### Data excerpt

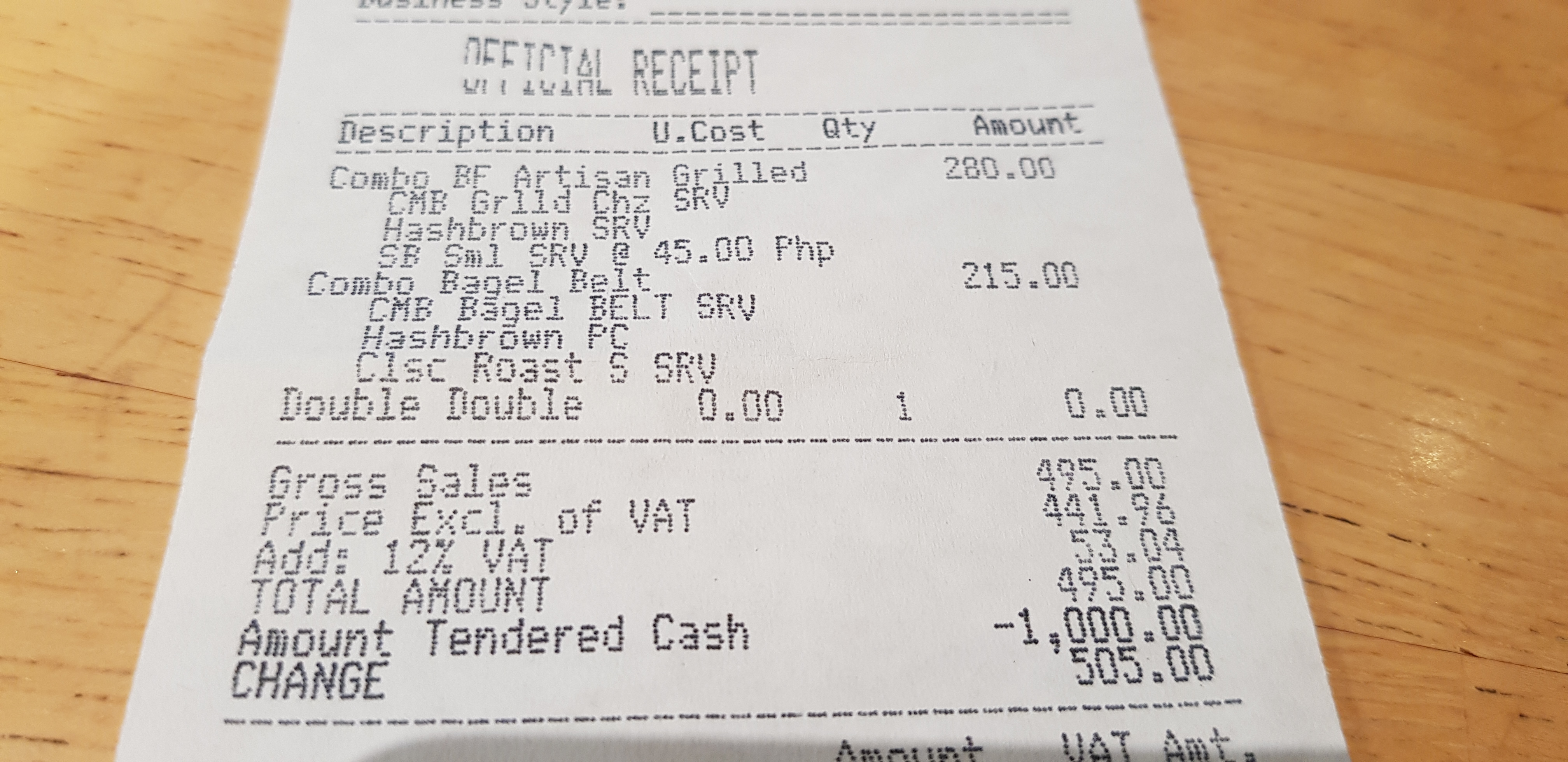 아들은 그릴드 치즈와 바나나 스토로베리 음료를 저는 베이글과 더블더블을 시켰습니다. 총 495페소가 나왔어요. 한국돈으로는 만원 정도 하는 가격입니다.
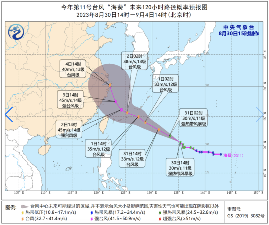 11号台风“海葵”向东海海域靠近
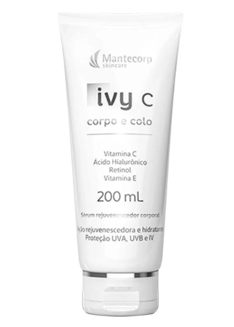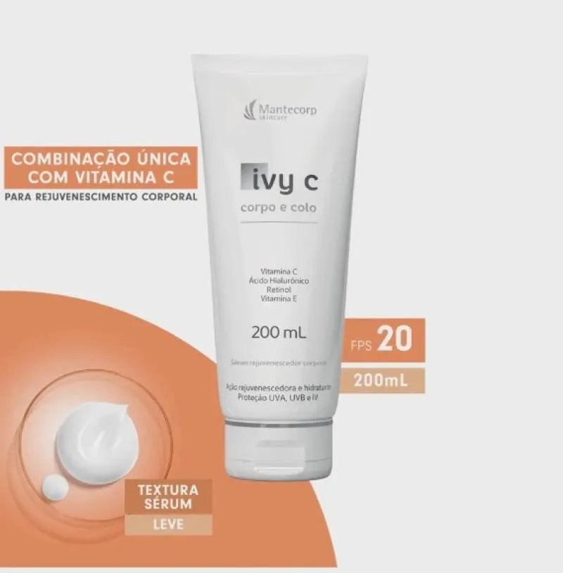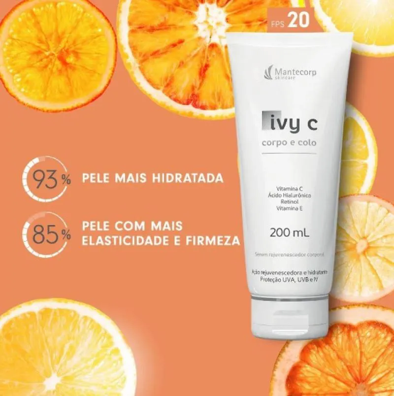 É um sérum anti-idade. IVY C Corpo e Colo é a base de vitamina c, que atua como antioxidante e rejuvenescedor. Possui em sua fórmula Ácido Hialurônico, Retinol e Vitamina E, que, juntos, auxiliam na produção de colágeno, renovação celular e ação antioxidante. Conta, ainda, com os ativos altamente hidratantes, como a Glicerina e Óleo de Semente de Uva.

######

- **Task description**
Would you return all the data exactly as given, minus the pictures?

- **Solution to this exercise**
 아들은 그릴드 치즈와 바나나 스토로베리 음료를 저는 베이글과 더블더블을 시켰습니다. 총 495페소가 나왔어요. 한국돈으로는 만원 정도 하는 가격입니다.
 11号台风“海葵”向东海海域靠近
 É um sérum anti-idade. IVY C Corpo e Colo é a base de vitamina c, que atua como antioxidante e rejuvenescedor. Possui em sua fórmula Ácido Hialurônico, Retinol e Vitamina E, que, juntos, auxiliam na produção de colágeno, renovação celular e ação antioxidante. Conta, ainda, com os ativos altamente hidratantes, como a Glicerina e Óleo de Semente de Uva.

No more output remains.